There was no doubt about her beauty, though, and none about her style. So Paul Derinzy thought, as he looked her up and down on saying the last-recorded words, and marked her tall,svelte, lissom figure; her neatly-shod, neatly-gloved feet and hands; her light walk, so free and yet so stately; and the simple elegance of her dress.

"You are a stunner, pet, and I adore you! There, having delivered myself of those mild observations, I will suffer you to proceed. You had a lot of things to say to me? Fire away!"

"In the first place, why were you not here to meet me, Mr. Douglas?"

"Again that detestable formality! Daisy, I swear, if you call me that again, I'll kiss you,--coram publico, en plein air, here before everybody; and that child, who will not take its eyes off us, will swallow the hoopstick it is now sucking, and its death will lie at your door."

"No, but seriously--where have you been?"

"You want to know? Well, then, I don't mind telling you that I've followed you every foot of the way from George Street. Ah, you may well blush, young woman! I was the heartbroken witness of your flirtation with those youths in Bond Street."

"Horrid old things! No, but, Paul, did you really follow me from Madame's? Were you there to see me come out?"

"My child, I was there for three mortal quarters of an hour before you came out."

"That was very nice of you;bien gentil, as Mdlle. Augustine says. I wish you knew Mdlle. Augustine, she's a very great friend of Madame's."

"I wish I was Mdlle. Augustine. I say, Daisy, doesn't Madame Clarisse want a male hand in the business--something in the light-porter line?

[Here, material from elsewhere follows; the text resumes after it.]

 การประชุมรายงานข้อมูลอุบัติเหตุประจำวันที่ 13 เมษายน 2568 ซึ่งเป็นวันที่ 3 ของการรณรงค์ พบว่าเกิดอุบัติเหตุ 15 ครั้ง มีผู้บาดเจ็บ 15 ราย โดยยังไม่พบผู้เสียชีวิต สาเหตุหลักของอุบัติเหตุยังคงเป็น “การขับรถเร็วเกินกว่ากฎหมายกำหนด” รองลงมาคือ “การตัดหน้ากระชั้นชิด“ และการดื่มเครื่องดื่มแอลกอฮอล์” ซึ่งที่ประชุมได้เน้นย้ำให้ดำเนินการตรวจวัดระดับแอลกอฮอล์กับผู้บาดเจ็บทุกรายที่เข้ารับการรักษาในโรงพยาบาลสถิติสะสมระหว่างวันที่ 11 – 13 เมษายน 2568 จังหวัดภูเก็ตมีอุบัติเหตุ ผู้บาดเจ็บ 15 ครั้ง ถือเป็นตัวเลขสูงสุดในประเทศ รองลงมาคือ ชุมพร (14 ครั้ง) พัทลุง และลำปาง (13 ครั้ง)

I'm sure it would suit me better than that beastly office."

"What office, Paul?"

"Why, my office, darling; where I go every day. Do you mean to say I didn't tell you about that, Daisy?"

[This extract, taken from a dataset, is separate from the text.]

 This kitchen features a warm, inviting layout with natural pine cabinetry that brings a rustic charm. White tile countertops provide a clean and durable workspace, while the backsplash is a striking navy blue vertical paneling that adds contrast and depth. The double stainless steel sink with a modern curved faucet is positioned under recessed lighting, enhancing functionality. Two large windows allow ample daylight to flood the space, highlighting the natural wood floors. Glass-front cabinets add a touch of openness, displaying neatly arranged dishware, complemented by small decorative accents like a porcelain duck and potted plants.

"Certainly not; you've told me nothing about yourself."

"Well, you see, I've known you so short a time, and seen so little of you. Oh yes, I go to an office."

"Do you mean to say you're a clerk?"

"Well, yes--not to put too fine a point upon it, I suppose I am."

"What! a lawyer's clerk?"

"No, no! D--n it all, Daisy, not as bad as that, nothing of the kind. Government office, Civil servant of the Crown, and all that kind of thing, don't you understand? Her Majesty's Stannaries--one of the principal departments of the State."

"And do you go there every day, Mr.--I mean, Paul?"

"Well, I'm supposed to, my darling; point of fact, I do go there--generally."

"Why don't you let me write to you there?"

"Write to me there! at the office! My dear child, there are the most stringent rules of the service against it. Any man in the office receiving a letter from a lady at the office would be--would be had up before the House of Commons, and very probably committed to the Tower!"

"What a curious thing! I thought you had nothing to do."

"Nothing to do! My darling Daisy, no galley-slave who tugs at the what-d'ye-call-em--oar--works harder than I do, as, indeed, Lord Palmerston has often acknowledged."

"And you're well paid for it? I mean, you get lots of money?" asked the girl, looking straight up into his face.

"Ye-yes, child. Yes, statecraft is tolerably well remunerated. Besides, men in my position have generally something else to live upon, some private means, some allowances from their people."

"Their people? Oh, you mean their families. Yes, that must be very nice. Have you any--any people?"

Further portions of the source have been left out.